2. When the defendant is charged, by felony complaint, with a felony,
the court may, in its discretion, order recognizance, release under
non-monetary conditions, or, where authorized, bail or commit the
defendant to the custody of the sheriff except as otherwise provided in
subdivision one of this section or this subdivision:

(a) A city court, a town court or a village court may not order
recognizance or bail when (i) the defendant is charged with a class A
felony, or (ii) the defendant has two previous felony convictions;

(b) No local criminal court may order recognizance, release under
non-monetary conditions or bail with respect to a defendant charged with
a felony unless and until:

(i) The district attorney has been heard in the matter or, after
knowledge or notice of the application and reasonable opportunity to be
heard, has failed to appear at the proceeding or has otherwise waived
his right to do so; and

(ii) The court and counsel for the defendant have been furnished with
a report of the division of criminal justice services concerning the
defendant's criminal record, if any, or with a police department report
with respect to the defendant's prior arrest and conviction record, if
any.
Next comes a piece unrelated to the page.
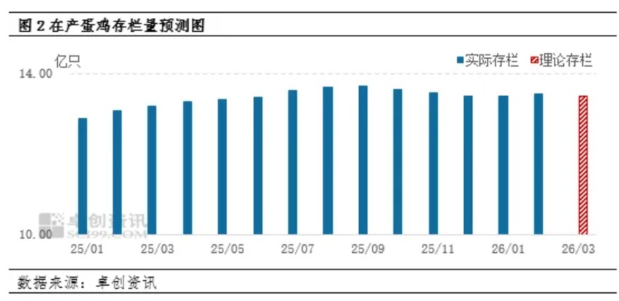 今年春节后,鸡蛋产业链复工节奏整体偏快,低位蛋价带动贸易商积极补货,下游食品加工与餐饮需求恢复速度和强度均超市场预期,节后行业库存处于历史同期低位,对蛋价支撑作用逐渐显现。2025年四季度补栏偏弱将逐步传导至2026年3月,预计3月全国在产蛋鸡存栏量环比减少超0.5%。不过,当前老鸡占比偏低,若后续淘汰节奏不及预期,叠加新增补栏的滞后影响,二季度产能去化进度或存在不及预期的风险,进而对中期鸡蛋价格反弹形成压制。

If neither report is available, the court, with the consent of the
district attorney, may dispense with this requirement; provided,
however, that in an emergency, including but not limited to a
substantial impairment in the ability of such division or police
department to timely furnish such report, such consent shall not be
required if, for reasons stated on the record, the court deems it
unnecessary. When the court has been furnished with any such report or
record, it shall furnish a copy thereof to counsel for the defendant or,
if the defendant is not represented by counsel, to the defendant.